Task statement
Copy the final lines exactly, starting at the one that contains "[광주 북구 세계타임즈" and ending with the last line of the listing below. Pictures are not part of the copy.

Available data

******************************

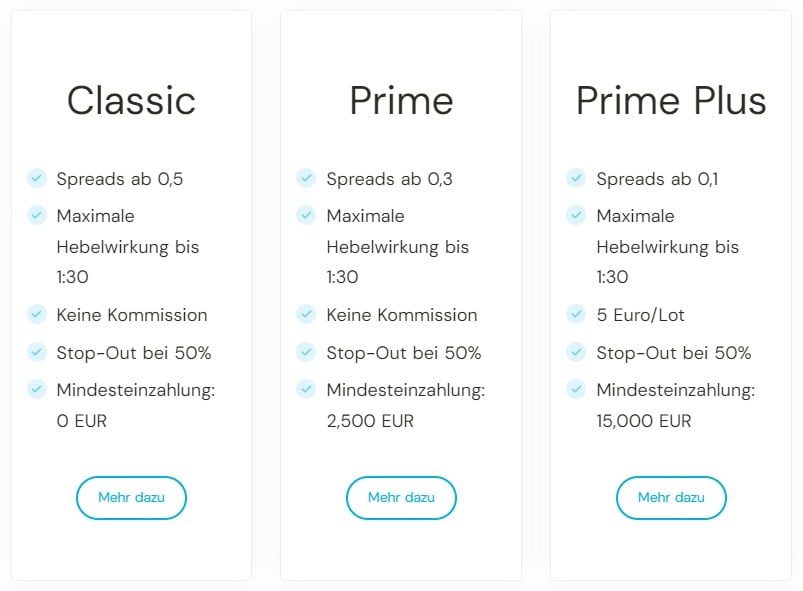 Im Classic-Konto, das kostenlos ist, beträgt die Kosten des Spreads 0,7. Die Spread-Gebühr sinkt auf 0,5 im Prime-Konto, das eine Mindesteinlage von 2.500 Euro erfordert. Für das Prime Plus-Konto beträgt der Spread bereits 0,1, es ist jedoch eine Mindesteinlage von 15.000 Euro erforderlich. Darüber hinaus gibt es eine Gebühr von 5 Euro pro Lot.
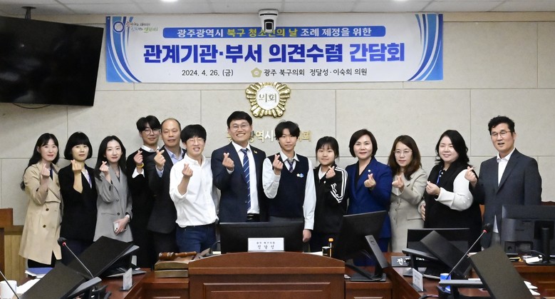 [광주 북구 세계타임즈 = 손권일 기자] 광주 북구의회 정달성 의원(더불어민주당, 용봉·매곡·삼각·일곡)이 지난 26일 이숙희 의원(더불어민주당, 두암1,2,3·풍향·문화·석곡동)과 공동으로 ‘광주 북구 청소년의 날 조례 제정을 위한 간담회’를 개최했다고 밝혔다.
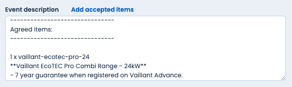 Martha HearnWhen you're editing an Event linked to a Project, you'll have the option to click to add accepted items from that Project into the Event description.
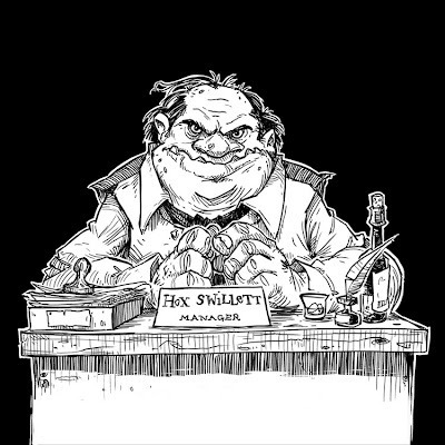 This is the second in the series by Derek Keilty, following 'Will Gallows and the Snake Bellied Troll', with covers and black and white interior illustrations by me.... Here's Hox Swillet, a mean old snake-bellied troll and train station manager.

******************************

Final answer
 [광주 북구 세계타임즈 = 손권일 기자] 광주 북구의회 정달성 의원(더불어민주당, 용봉·매곡·삼각·일곡)이 지난 26일 이숙희 의원(더불어민주당, 두암1,2,3·풍향·문화·석곡동)과 공동으로 ‘광주 북구 청소년의 날 조례 제정을 위한 간담회’를 개최했다고 밝혔다.
 Martha HearnWhen you're editing an Event linked to a Project, you'll have the option to click to add accepted items from that Project into the Event description.
 This is the second in the series by Derek Keilty, following 'Will Gallows and the Snake Bellied Troll', with covers and black and white interior illustrations by me.... Here's Hox Swillet, a mean old snake-bellied troll and train station manager.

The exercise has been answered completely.